I agree with Monbiot. There’s no going back. I think there was what you might call an “original anarchism” for most of our species’ life, before agriculture, where social scales were small enough for everyone to have a say. It wasn’t Eden, but our image of it is distorted by Keeley & Steven Pinker sometimes as much as it is by New Agers. But recognizing this is no reason to be blasé about the current situation. Even though the evolutionary pedigree of the forager lifestyle (i.e. how long it kept the species going) makes ours seem non-existent, the forager lifestyle doesn’t work for a planet of billions. We need to keep chipping away at the least bad way for ourselves – which may gain inspiration from past socities, of course. As Hakim Bey says, “A return of the primitive, not a return to the primitive.”

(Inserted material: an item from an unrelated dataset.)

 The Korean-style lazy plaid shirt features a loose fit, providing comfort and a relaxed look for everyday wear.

Good to see Monbiot round up the “lest we forgot” facts in the wake of Avatar, too:
http://www.monbiot.com/archives/2010/01/11/the-holocaust-we-will-not-see/
As a side-note about Jared Diamond’s comment, New Guinea societies are one of the “poster people” for anyone trying to debunk the Noble Savage (whether they do it well, as Diamond does, or badly). They rank along with the Yanomami as yeah, pretty violent, but also, over-used as Hobbesian ammo. They’re also both sedentary or semi-sedentary, and semi-agricultural – very far from representative of anything in our history before around 12,000 years ago.

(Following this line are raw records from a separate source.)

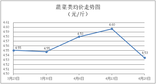 据本市21家农贸市场监测数据显示,上周(4月14日至4月20日)市场上各类“菜篮子”商品供应充足,所监测的7大类“菜篮子”商品价格环比总体表现为3涨4跌。其中:粮油类商品价格总体略降,肉类、水果类、水产类商品价格窄幅盘整,禽蛋类、蔬菜类商品价格以降为主。
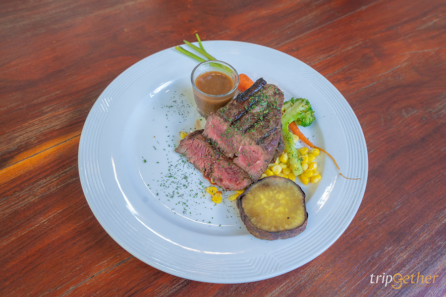 มาเริ่มกันที่เมนูแรก สเต็กเนื้อสันนอกซุปเปอร์พรีเมี่ยม ในจานเสิร์ฟมาพร้อมน้ำจิ้มและผักลวก บอกเลยว่าจานนี้เด็ดมาก เนื้อนุ่มละมุนลิ้น รสชาติเข้มข้น กินพร้อมเครื่องเคียงก็เข้ากันสุดๆ โดยสเต็กเนื้อสันนอกจะมีให้เลือกตั้งแต่สแตนดาร์ด พรีเมี่ยม และซุปเปอร์พรีเมี่ยม ส่วนราคาจะอยู่ที่ 700, 800 และ 900 ตามลำดับ
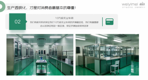 在生产环境上,维怡美工厂拥有10万级洁净生产车间,洁净度达到手术室标准,确保产品在生产过程中不受污染。此外,工厂引进了全自动罐装机器,不仅提高了生产效率,还进一步保证了产品的一致性和安全性。
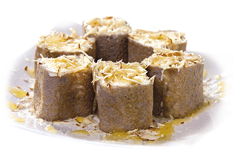 Банан, сливочный крем, мёд, блинчик шоколадный, миндаль. Энергетическая ценность: 416 ккал
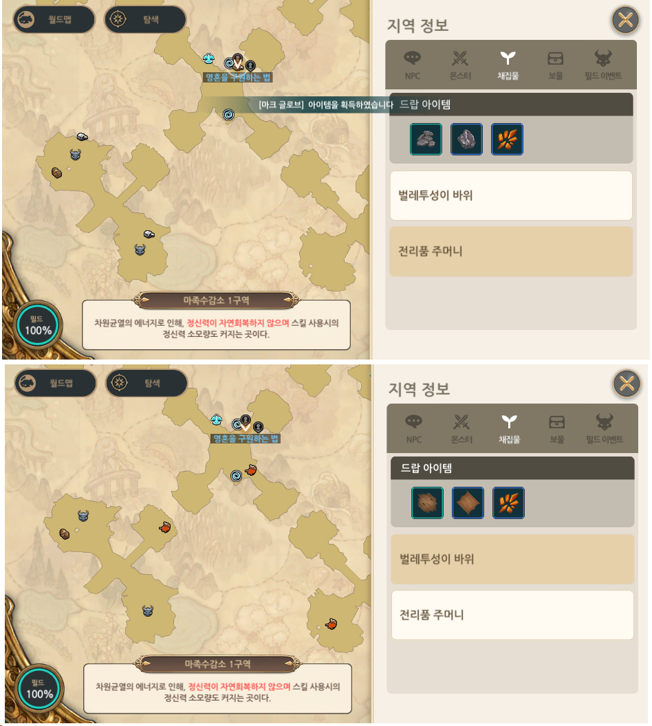 마족수감소 1구역의 채집물은 2개이다. 아이콘들도 달라서 크게 어렵지는 않다. 나오는 지역이 제한되어 있긴 하지만 채집물 관련 퀘스트도 없기 때문에 길에 널려있다. 혹여 구하지 못하신 분들이라면 아래 그림을 참고하시면 된다.
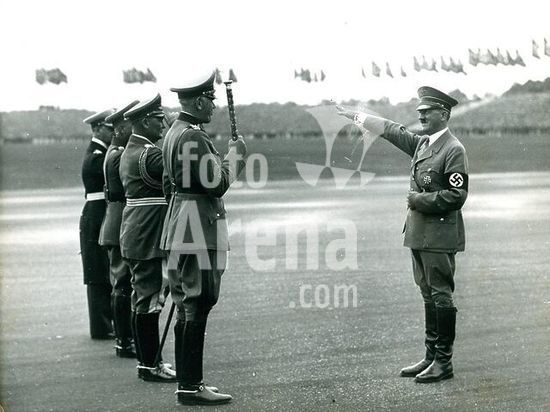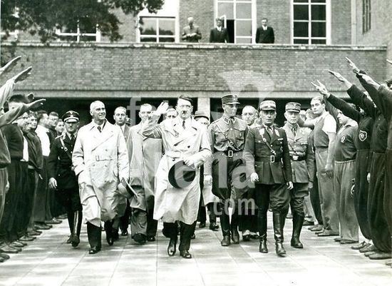 akg1348608 Germany / National Socialism 1933-1945.-8th Nuremberg Rally "Rally of Honour", 8.-14.9.1936, "Day of the Wehrmacht" on 14.9.1936 on Nuremberg's Zeppelin Field: Hitler greets the commanders of the Wehrmacht (from left), Erich Raeder (Navy), Werner von Fritsch (Army), Hermann Göring (Air Force) and Reichskriegsminister Werner von Blomberg.-.
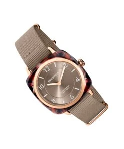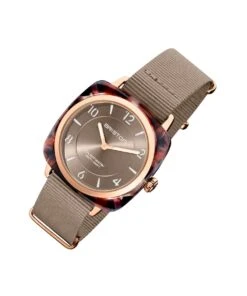 Sous le capot, on retrouve un mouvement signé Miyota : le fameux OS21 qui a prouvé sa robustesse et sa fiabilité au fil des années. Celui-ci comporte également un mouvement à guichet de date à 6 heures, marqué “Clubmaster Classic Acetate Gold Rose – Taupe”.
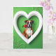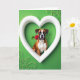 This card features a fawn-and-white Boxer dog centered inside a large glossy white heart, looking straight out with bright eyes and a slightly open mouth that feels like a friendly invitation 💚. A single red rose rests gently between its teeth, with a green stem and leaf standing out against the dog’s warm fur. The dog’s head tilts just a little, giving the scene a flirty, affectionate energy, like it’s offering the flower to someone special. Behind the heart frame, the background is deep green with lighter green swirls that curl softly like decorative flourishes ☘️. Soft, bright lighting brings out the texture of the coat and the layered rose petals, while faint shadows add depth along the heart’s curved edges. The greeting text sits near the top in white lettering so it reads clearly against the green backdrop. The heart’s smooth white border surrounds the dog and rose, with the pale green swirls scattered around the edges of the background.

January 12th, 2010 | 1:03am
by Gyrus
This is a crucial point, Gyrus. During his first significant fieldwork (with the Iatmul of New Guinea) Bateson developed a conceptual tool “to get a sharper understanding” of the culture. He called this tool “ethos” (though he later regret that he hadn’t coined a new term to avoid confusion between his specific definition of the term and the pre-existing one).

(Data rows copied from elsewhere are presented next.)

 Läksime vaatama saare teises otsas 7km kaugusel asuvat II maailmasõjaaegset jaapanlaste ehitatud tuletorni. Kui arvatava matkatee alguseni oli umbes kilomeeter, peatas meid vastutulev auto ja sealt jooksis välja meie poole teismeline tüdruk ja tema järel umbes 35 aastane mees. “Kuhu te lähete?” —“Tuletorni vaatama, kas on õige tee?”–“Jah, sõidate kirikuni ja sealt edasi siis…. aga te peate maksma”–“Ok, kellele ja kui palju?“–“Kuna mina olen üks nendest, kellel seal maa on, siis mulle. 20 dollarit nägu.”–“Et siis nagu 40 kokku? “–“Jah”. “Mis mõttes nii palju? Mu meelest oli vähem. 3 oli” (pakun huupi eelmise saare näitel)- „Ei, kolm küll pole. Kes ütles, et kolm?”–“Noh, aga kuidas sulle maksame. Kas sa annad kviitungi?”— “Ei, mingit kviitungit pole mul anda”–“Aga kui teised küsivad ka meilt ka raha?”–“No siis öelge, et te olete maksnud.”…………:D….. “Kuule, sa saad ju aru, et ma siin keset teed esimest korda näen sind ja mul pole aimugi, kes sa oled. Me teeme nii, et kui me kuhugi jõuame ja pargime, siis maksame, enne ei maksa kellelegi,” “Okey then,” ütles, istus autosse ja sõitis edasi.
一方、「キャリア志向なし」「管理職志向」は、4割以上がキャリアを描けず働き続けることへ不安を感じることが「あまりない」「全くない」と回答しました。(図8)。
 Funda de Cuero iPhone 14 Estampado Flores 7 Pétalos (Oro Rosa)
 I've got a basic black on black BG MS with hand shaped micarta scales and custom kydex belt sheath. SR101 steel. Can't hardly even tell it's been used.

The purpose of ‘ethos’ was to try and separate (as far as possible, bearing in mind that Bateson is the ultimate proponent of integrated / ecological / systems thinking) the various values and cultural mores of a society from the practical / logistical ways of life.
Always bearing in mind the inherent connection between ethos and practice, and therefore the limited distance one can separate the two, he believed that while it is clearly absurd to suggest that modern civilisation could adopt the living practices of pre-civilised cultures, it might nonetheless be possible to adopt some of the ethos. And this would, not solve the problems of unsustainability, but perhaps provide a signpost towards such solutions.
January 12th, 2010 | 3:00pm
by Jim Bliss
I always feel a bit lost for concrete examples of applying a primitive “ethos”, looking at my life (though I think the value of background “ambient” inspiration with such resonant topics holds, nevertheless). I think some are invisible to me, but one just struck me reading a piece on Pierre Clastres (by a very interesting ayahuasca-focused scholar I’ve just discovered, Steve Beyer):
I think this bit of primitive ethos definitely resonated with me, and strongly informs my life. I work less than I might, because I don’t need as much money for junk as many people seem to (while also knowing I’m lucky to be able to cover rent without full-time work). We’ve been living in overabundance for a while, and squandered it, working longer to satisfy manufactured desires. We have the long-term unemployed and the long-term overworked. I guess the “non-surplus” ethos is spreading, what with The Idler and the “Slow Movement”. Definitely a leaf to take from the forager book, even if we have to OCR it into a different context.